# AirConditioning Compressor - Oil Leak?



## brokenknee (Dec 13, 2008)

Yes it could be the bearing. If leaking oil the seal also would need to be replaced. If you leaked out that much oil the compressor may already be shot. If the bearing fails the belt will come off.

Bearings and seals can be replaced, make sure the compressor itself is good before doing all that work. 

As far as the price of the compressor, shop online you may be able to get a better deal. 

I don't want to discourage you from trying to do this yourself, this is a DIY forum after all. However you will need some speciality tools to do a clutch and seal replacement. If replacing the seal you will also have to bring it to a shop to have your refrigerant reclaimed. It is against the law to vent it into the air.

Send me a pm


----------



## MmagicBbusS (Mar 25, 2009)

I can't PM it seems, perhaps cos I am new member(?)
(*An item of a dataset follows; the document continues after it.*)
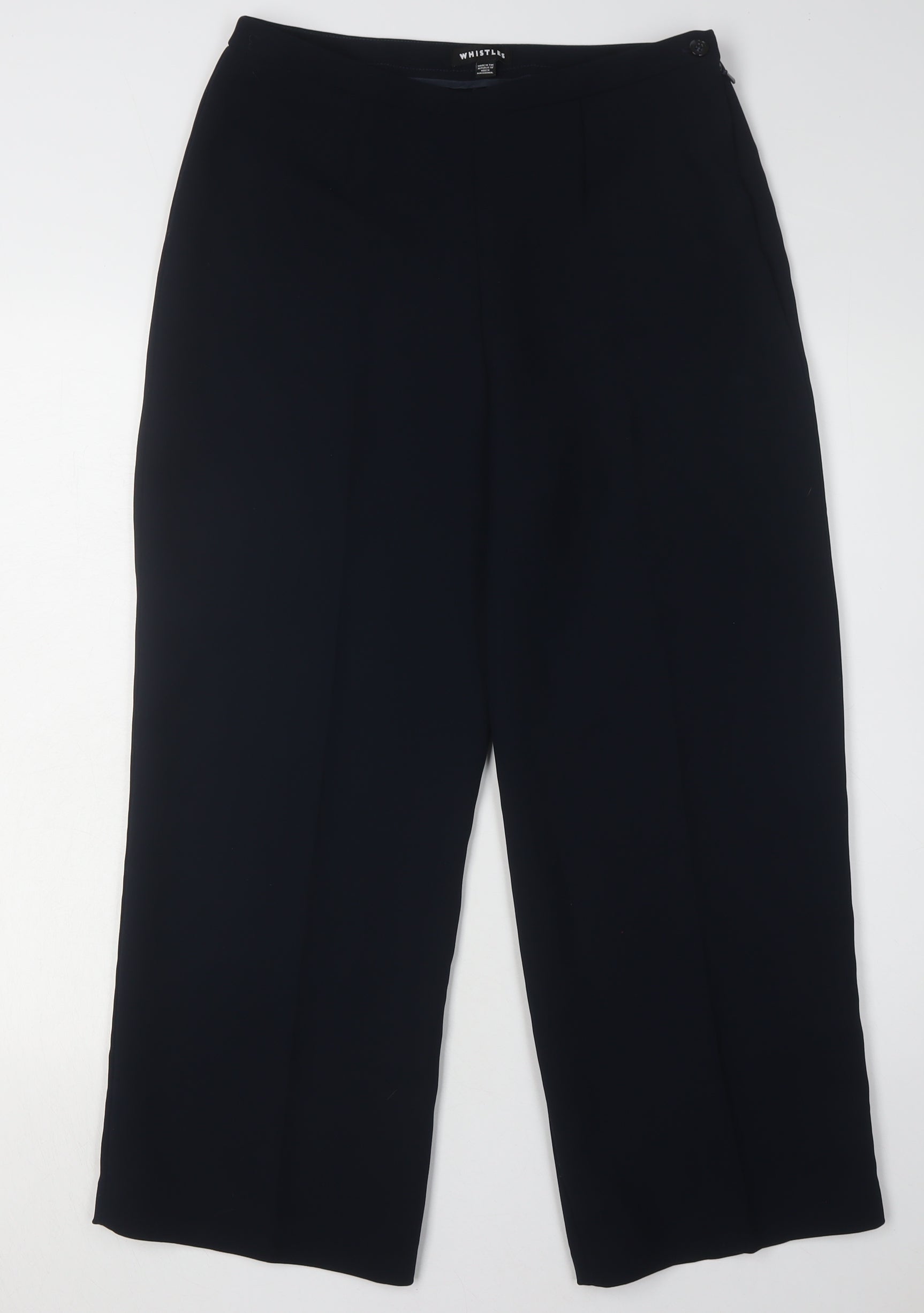 Elevate your wardrobe with these elegant Whistles women's trousers in a versatile black shade, perfect for various occasions. Ideally suited for the modern woman, these trousers come in a comfortable size 12 with a flat front design, effortlessly blending style and comfort. Made entirely of polyester, they promise durability and a soft feel, ensuring you stay both stylish and comfortable throughout your day. Designed for the regular size type, these trousers are easy to maintain, being machine washable, making them a hassle-free addition to any wardrobe. The timeless black colour offers a sleek and sophisticated aesthetic that pairs seamlessly with a variety of tops and shoes. Whether dressing up for a formal event or keeping it casual, their no-pattern design ensures they remain a versatile staple piece. Although the trousers do not include visible tags, they present themselves in excellent condition, without any noticeable imperfections, offering quality akin to new. Priced affordably, they represent a fantastic opportunity to add a touch of refined elegance to your collection. Explore the versatility of these Whistles trousers and enjoy a staple that complements and enhances your style effortlessly.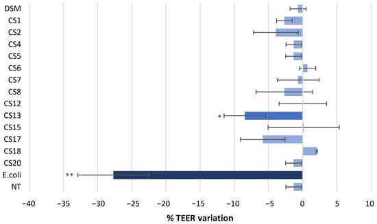 Effect of P. distasonis strains on Caco-2 monolayer TEER. E. coli ATCC 25922 was used as positive control. The results are shown as % of TEER variation after 24 h of incubation. DSM: P. distasonis DSM 20701T; CS: clinical strains. Statistical analysis was performed using an ANOVA test in comparison with % variation in nontreated (NT) Caco-2 (* p < 0.05, ** p < 0.01). All the data represent mean ± standard error from triplicate (n = 3).

Thx for response, brokenknee. You seem very knowledgeable on this topic.

I don't have special tools, and will probably goto a mechanic - or an aircon shop? - scary, that can get expensive fast. I have some tools, and a friend has more tools; but I have no experience with compressors. Perhaps the best way would be to find a used compressor; or would that be worse due to unknowns?

I have not used the air lately; but it was working just a couple weeks ago. The noise has been there for months. The oil leak happened over a 2-3 days, then stopped. The noise sounds slightly worse since that.

From what I have heard so far, I need oil, seal, bearing, (or a compressor unit) plus, either way, refrigerant evac and replace. I don't know how to decide what's the best route. I will need to talk to a mechanic; and with this info, I might sound like I have half a clue about what's going on; and maybe can reach a decision that way. (Need some hands on somehow).


----------



## shadetree12 (Nov 30, 2008)

Keep me posted on what you find out. I still haven't fixed mine yet. If I find out anything new I will let you know.


----------



## brokenknee (Dec 13, 2008)

MmagicBbusS said:


> I can't PM it seems, perhaps cos I am new member(?)
> 
> Thx for response, brokenknee. You seem very knowledgeable on this topic.
> 
> ...


Go up to User CP in the top left hand corner of the page. Go to edit options on the left, make sure you have enable private messaging checked.


----------



## Kavey (Apr 7, 2009)

If nothing else you can get a shorter serpentine belt to bypass the a/c until you can afford the proper fix.


----------



## frazierdavidson (Jan 31, 2009)

First thing to do is to verify that the noise is coming from the compressor. Don't spend money to repair something that may not be your problem. Start your vehicle and turn on the A/C. The noise will probably change with a load on the compressor. Also automotive stethiscopes are available fairly cheap at most parts stores. That should help you isolate your noise before making any repairs..


----------